Inline assembly and “own constant folder” idea

  • Core trick: wrap SIMD sqrt in inline assembly but special‑case compile‑time constants using __builtin_constant_p, so constants are folded while non‑constants emit the desired instruction.
  • Several commenters see this as a narrow workaround for a specific Clang codegen quirk rather than a general “constant folder”.
  • It’s noted that similar patterns are common in performance‑critical domains (e.g., HFT, codecs) where single‑instruction savings matter.

Clang vs GCC and sqrt optimization

  • Clang under -ffast-math turns sqrtps(x) into x * rsqrtps(x) with Newton–Raphson refinement.
  • Some call this a miscompile or performance bug; others argue it’s “working as intended” on older CPUs where this is faster.
  • GCC is reported not to do this transformation in the shown example.
  • Performance advantage is architecture‑dependent; newer Intel CPUs have much faster sqrt instructions, and using -mtune/-march can change Clang’s choice.

Fast-math flags: scope, hazards, and naming

  • Strong pushback on global -ffast-math: it relaxes IEEE guarantees across the whole program and can even affect other translation units or shared libraries via global FP state.
  • Some argue it’s fine when used only for specific numerical TUs; others cite bugs and surprising cross‑module effects.
  • Preference expressed for more granular controls (per function, per expression, or pragmas), as in Rust’s unchecked_add or Julia’s @fastmath.
  • Several commenters criticize the name “fast‑math” since it can be slower and less accurate; suggestions range from “unsafe math” to tongue‑in‑cheek renamings.
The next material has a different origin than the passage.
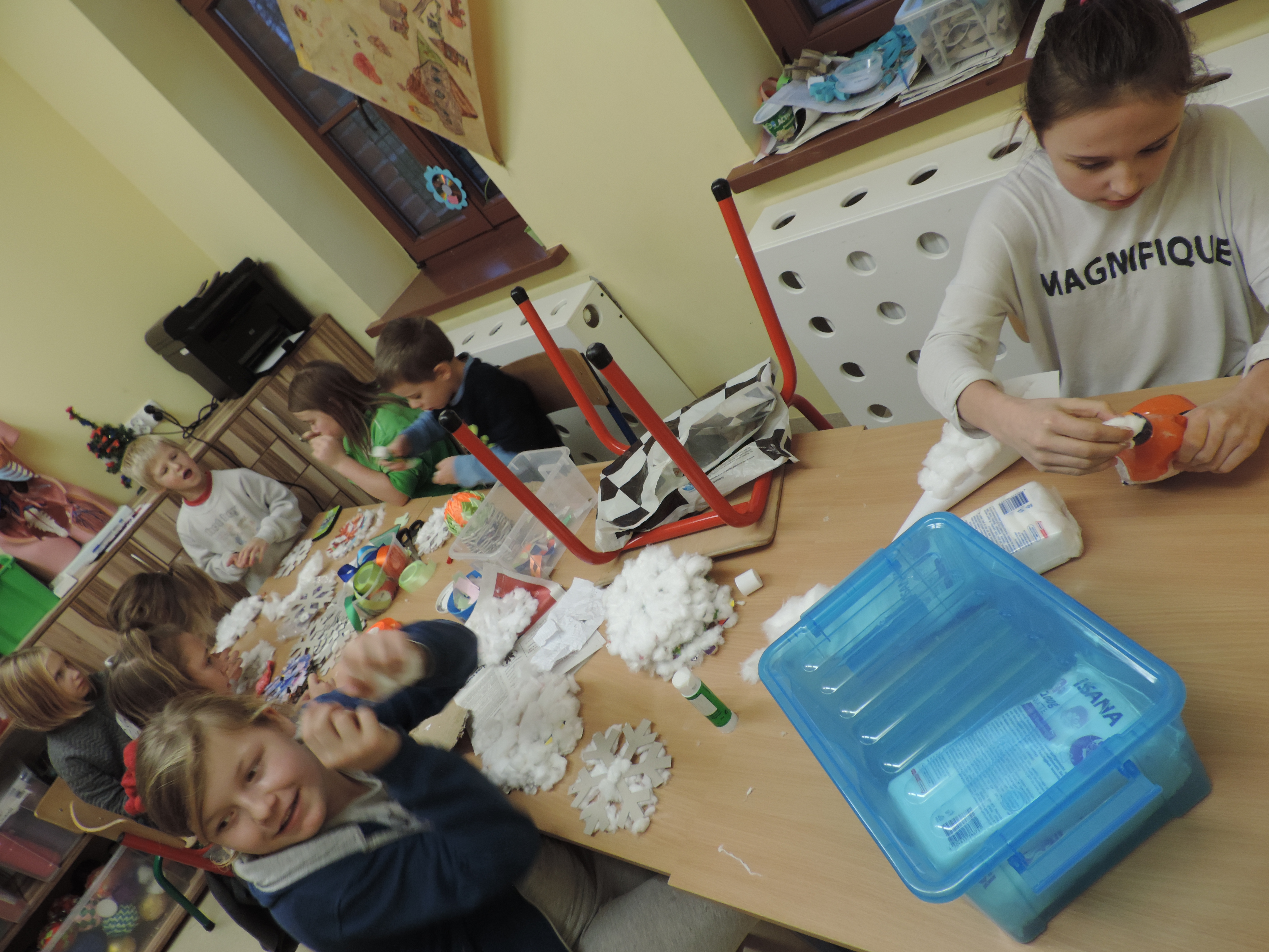 Kolejny dzień z kalendarza wigilijnego i kolejne zadanie: ułożenie figury z naszych ciał. Udało się! Dzisiaj w świetlicy panował zimowo-świąteczny klimat. Choć za oknem śniegu brak, u nas na zajęciach powstały ozdoby w postaci śnieżynek. Opracowywaliśmy też program artystyczny na naszą wigilię. Grunt to współpraca.

Determinism, correctness, and other languages

  • Debate over whether floating‑point determinism matters, especially for games and multiplayer simulations.
  • Examples from Rust, Julia, and Zig show similar low‑level tuning issues and different mechanisms for localizing unsafe or fast math.
  • General consensus: all optimizing compilers can produce surprising code; you must check assembly for hot paths.

C/C++ complexity and when to dive this deep

  • Many note this level of trickery is unnecessary for most projects.
  • Guidance: focus first on architecture and hotspots; only then tweak compiler flags or write intrinsics/asm.
  • Some see this as emblematic of C/C++’s power and complexity; others find it off‑putting and a motivation for safer languages.